On the other hand, the accelerometer-based classification pipeline utilizes a lightweight feedforward neural network [20,21,22,23] trained on statistical and signal-based features extracted from raw tri-axial accelerometer data. These features include the sum of signal magnitude, standard deviation, maximum value, mean threshold crossing count, and spike count over fixed-length signal segments (corresponding to data acquisition frequency in one-second intervals).
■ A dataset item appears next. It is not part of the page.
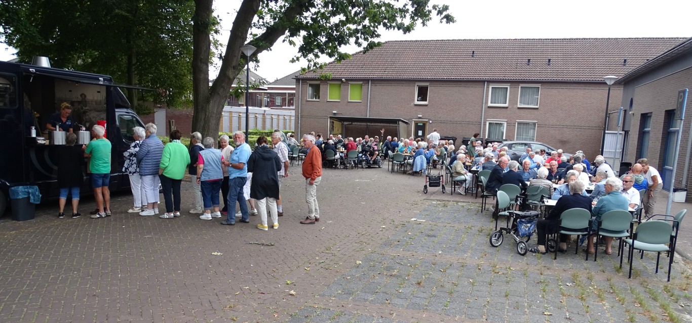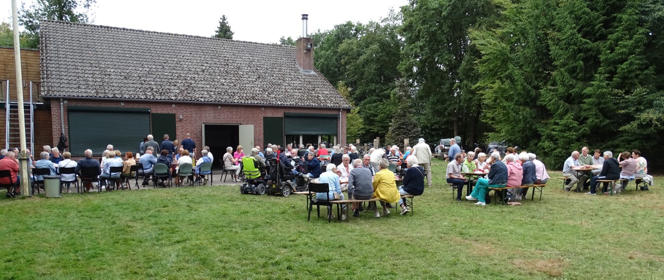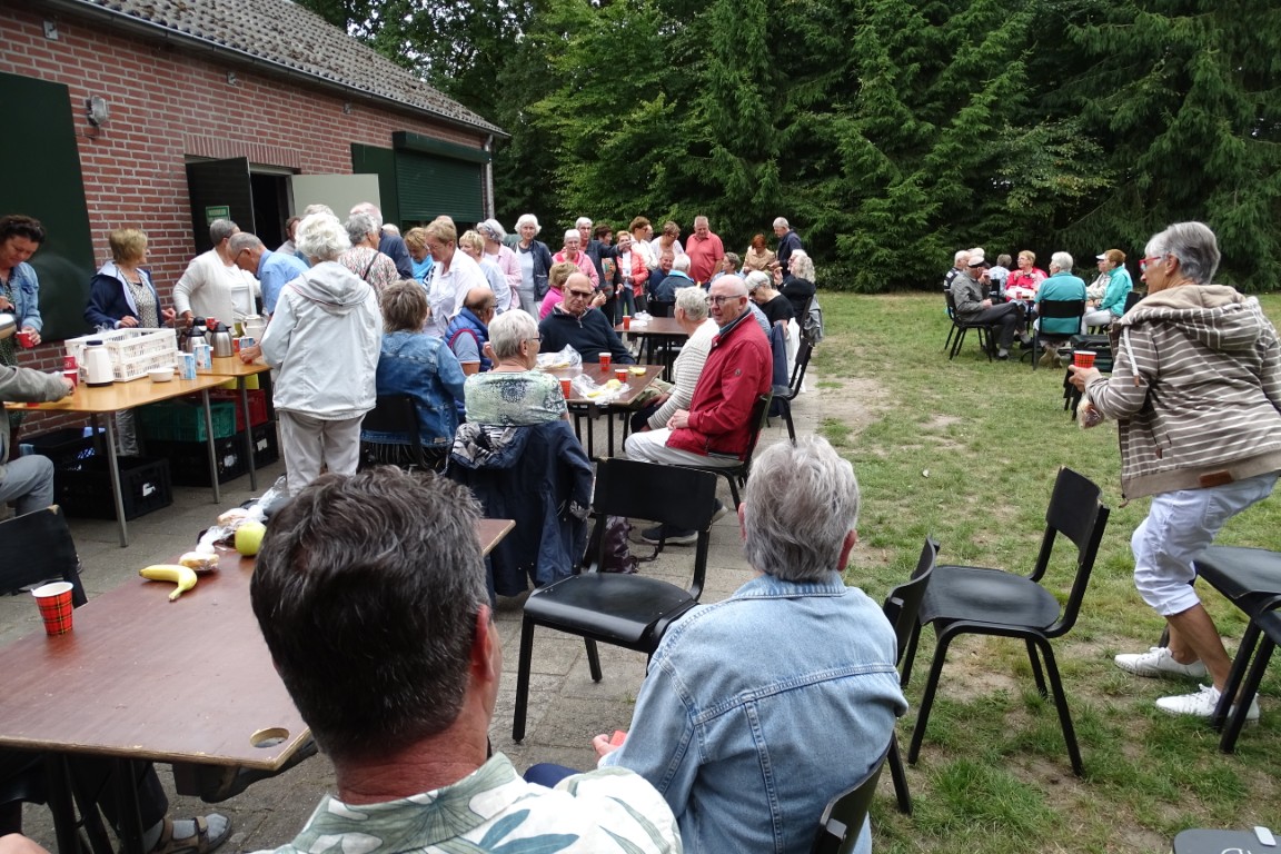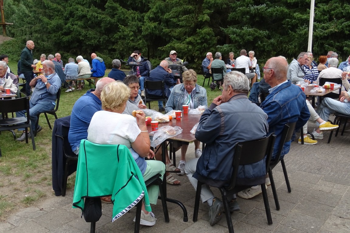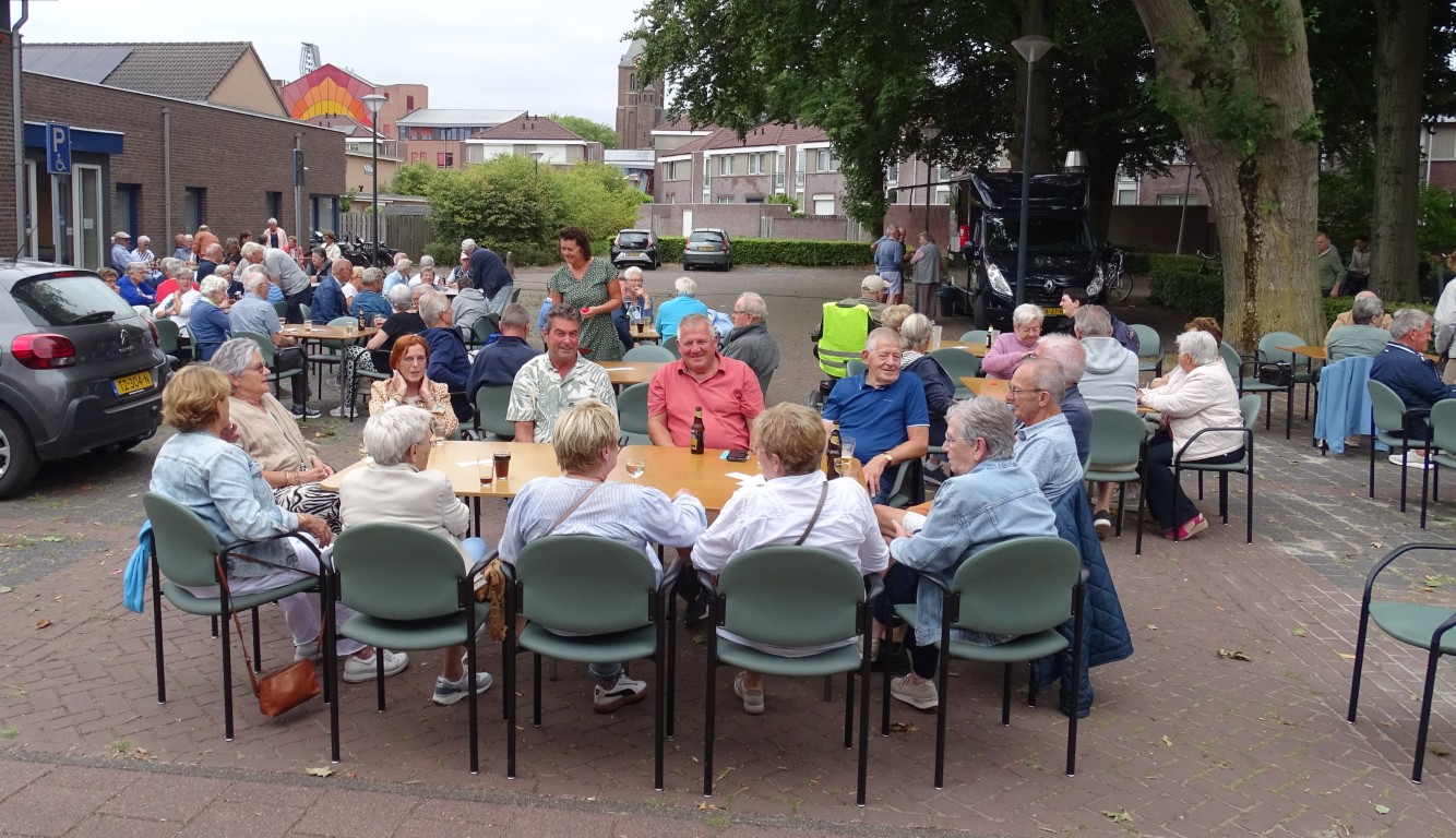 Er bleven ook ca 16 leden achter in D’n Aachterûm om gezellig te kletsen en/of te kaarten en om daar te genieten van de gezelligheid, een picknick en de friteskar.
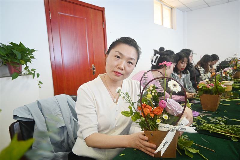 活動中,女職工們在觀看花藝老師示范插花后,躍躍欲試,紛紛自己動手制作,認真學著、剪著,按照花種的顏色,將一朵朵鮮花錯落有致地裝飾在花籃中,創作出各自的插花作品;顒蝇F場,大家有說有笑,氛圍十分溫馨,女職工們在與花草的交流中,緩解了平時的工作生活壓力,身心得到了放松。

This segmentation captures micro-movements and postural dynamics that are indicative of different sleep positions.

While numerous studies have addressed sleep posture recognition using either image-based or accelerometer-based approaches, few have directly compared these two modalities under consistent conditions. For instance, Phan et al. [24] and Piriyajitakonkij et al. [25] advanced the field through deep learning architectures using signal and radar data, respectively, but their evaluations are confined to single modalities and specific sensing setups. Similarly, studies such as [26,27,28] proposed accelerometer-based or pressure-based systems, achieving notable performance, but without benchmarking them against vision-based alternatives. Another study [29] proposed a spatiotemporal CNN using a limited set of piezoelectric ceramic sensors, achieving high accuracy in posture detection. Conversely, vision-based solutions like those in [30,31,32] demonstrated high classification accuracy under controlled lighting but did not assess portability or privacy-preserving aspects.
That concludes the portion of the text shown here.